La situation particulièrement dynamique ouverte par le 6 février 1934 provoqua reclassement et sélection, surtout à l’occasion de la naissance du Front populaire saluée par un placard à la « une » de L’Internationale : « Front populaire = Front national. » Après cette phase d’évolution rapide, il était vain d’espérer une renforcement en nombre de notre Union communiste. Nous avons tenu sur nos positions révolutionnaires… jusqu’en septembre 1939… et individuellement après, car si des liaisons furent maintenues pendant la guerre grâce à des camarades femmes, l’Union communiste n’existait pratiquement plus.

Nous le reconnaissons sans honte, malgré notre effort de réflexion théorique, nous restâmes empêtrés dans de nombreux concepts hérités du léninisme.

Notes

[1] Masses, dont le directeur était René Lefeuvre, se présentait ainsi : « Notre mouvement est un mouvement de jeunes au sens propre du mot. Masses est le produit de la collaboration d’un groupe de camarades dont la pensée peut présenter des nuances différentes, mais que réunit à la fois un idéal commun : l’idéal révolutionnaire socialiste, et une manière commune d’aborder les problèmes que pose ce qui les entoure : l’utilisation de la méthode d’investigation forgée par Marx et Engels. Masses se réclame de la révolution sociale et du libre examen matérialiste et de rien d’autre. » (« Appel à nos amis », Masses n° 11, novembre 1933). La revue puis les éditions Spartacus en prirent la suite.

[2] Bayard : animateur d’un Cercle marxiste de Paris (communiste de conseils), qui participa en 1937 à une conférence réunissant l’Union communiste, la Ligue des communistes internationalistes (Henaut), le GIC des Pays-Bas (Canne Meijer), l’ex-minorité de la Gauche italienne exclue en 1936, le Groupe marxiste allemand (Ruth Fischer et Arkadi Maslov), la League for Revolutionary Workers Party (Field) et la Revolutionary Workers League of USA (Hugo Œhler).

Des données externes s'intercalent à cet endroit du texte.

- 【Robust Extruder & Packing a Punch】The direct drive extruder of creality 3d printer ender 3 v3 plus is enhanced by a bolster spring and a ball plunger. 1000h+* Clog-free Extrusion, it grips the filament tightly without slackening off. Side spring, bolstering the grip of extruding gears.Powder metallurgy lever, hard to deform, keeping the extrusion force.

[3] André Prudhommeaux (né en 1902 au Familistère de Guise, mort en novembre 1968) créa avec sa compagne Dora Ris, à Paris, une « Librairie ouvrière ». D’abord communistes révolutionnaires (L’Ouvrier communiste), ils deviennent anarchistes après un voyage en Allemagne au début des années 1930. Il anima avec Voline Terre libre, organe de la Fédération anarchiste. En 1936 il publia à Barcelone L’Espagne antifasciste, puis à son retour en France L’Espagne nouvelle.

[4] Parti socialiste et paysan.

[5] Vercesi : pseudonyme d’Ottorino Perrone (1897-1957), militant du Parti communiste italien dès 1921, puis de l’opposition bordiguiste. Exilé en 1927, il anima en France et en Belgique les revues Prometeo et Bilan.

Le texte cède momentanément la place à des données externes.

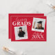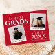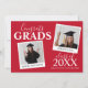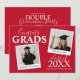 Convite moderno de festa de formatura dupla, que apresenta 2 fotos dos formandos. O cartão tem texto modelo que diz 'PARABÉNS FORMANDOS, SEUS NOMES, ANO DE FORMATURA e NOME DA ESCOLA OU FACULDADE'. Com um modelo de convite elegante no verso.

[6] Jacques Doriot (1898-1945) : militant du Parti socialiste puis, après un séjour à Moscou, secrétaire des Jeunesses communistes en 1922. Bien que se mouvant dans les hautes sphères du PCF et de l’Internationale communiste, il ne réussira pas à devenir secrétaire général du Parti, place bientôt prise par Maurice Thorez. Le conflit entre les deux hommes se soldera par un arbitrage de Moscou et l’exclusion de Doriot en 1934. Député et maire de Saint-Denis sous l’étiquette PC, il conservera ces sièges après son exclusion, y compris lorsque, utilisant cette base locale, il fondera le Parti populaire français en 1936. Certains affirment qu’il a été, pour d’obscures raisons, retourné et manipulé par la police dès 1926, ce qui pourrait expliquer son évolution et celle de son parti de la position de « communiste indépendant » vers le fascisme puis la franche collaboration avec les nazis dès juin 1941. Il combattra en Russie sous l’uniforme allemand dans la Légion des volontaiures français contre le bolchevisme (LVF) qu’il avait contribué à fonder. Sa mort en février 1945 sur une route allemande, dans des circonstances mal définies, donna lieu aux interprétations les plus fantaisistes.